Item 3.02. | Unregistered Sales of Equity Securities |
The information provided under Item 1.01 in this Current Report on Form8-K regarding the issuance of the Exchange Shares pursuant to the Exchanges is incorporated by reference into this Item 3.02.
Item 7.01. | Regulation FD Disclosure |
On May 16, 2019, the Company issued a news release in connection with entering into the Exchange Agreements and the Exchanges. The news release is attached hereto as Exhibit 99.1 of this Current Report on Form8-K and is incorporated by reference herein.

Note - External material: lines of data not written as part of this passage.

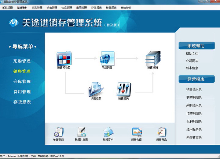 美途进销存管理软件—普及版是美途软件科技有限公司针对中小企业推出的集采购、销售、仓库、费用、报表与分析为一体的企业管理软件。普及版具有"操作方便,价格实惠"的特点。系统支持多机构、多仓库多用户同时操作,数据实时同步,支持严密的多种授权机制,保证企业信息安全。一套软件支持多账套、跨地域、多门店、分仓库管理。让企业以最低的软件支出成本、实现最优的企业信息化管理。【软件特点】
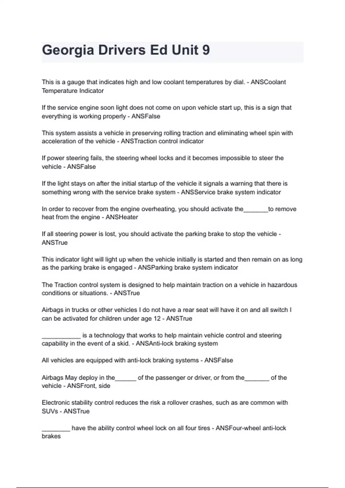 Georgia Drivers Ed Unit 9 A+ score assured (100% verified) 2024/2025
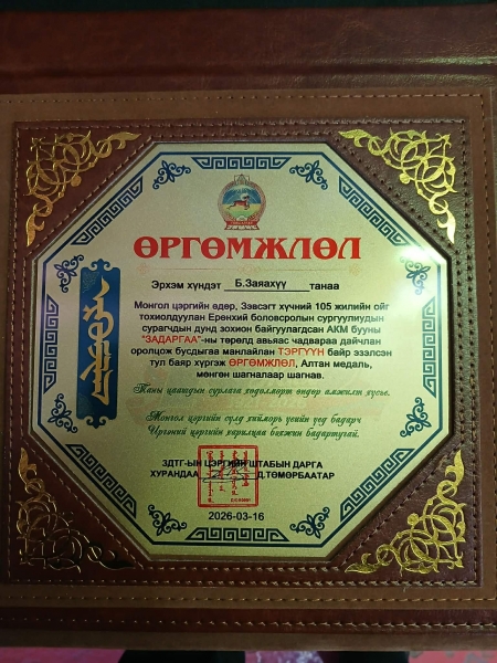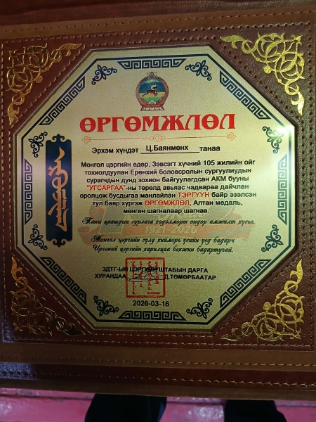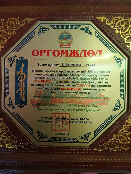 АКМ бууны "СУМЛАГАА" төрөлд мөн тэргүүн байр эзэлж хос алтан медаль өргөмжлөл мөнгөн шагналаар шагнууллаа.
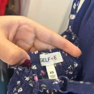 Chic navy mini dress with floral print. Features spaghetti straps. Perfect for casual outings.

In accordance with General Instruction B.2 of Form8-K, the foregoing information, including Exhibit 99.1, shall not be deemed “filed” for the purposes of Section 18 of the Securities Exchange Act of 1934, as amended (the “Exchange Act”), or otherwise subject to the liabilities of that section, nor shall such information and Exhibit 99.1 be deemed incorporated by reference in any filing under the Securities Act or the Exchange Act, except as shall be expressly set forth by specific reference in such a filing.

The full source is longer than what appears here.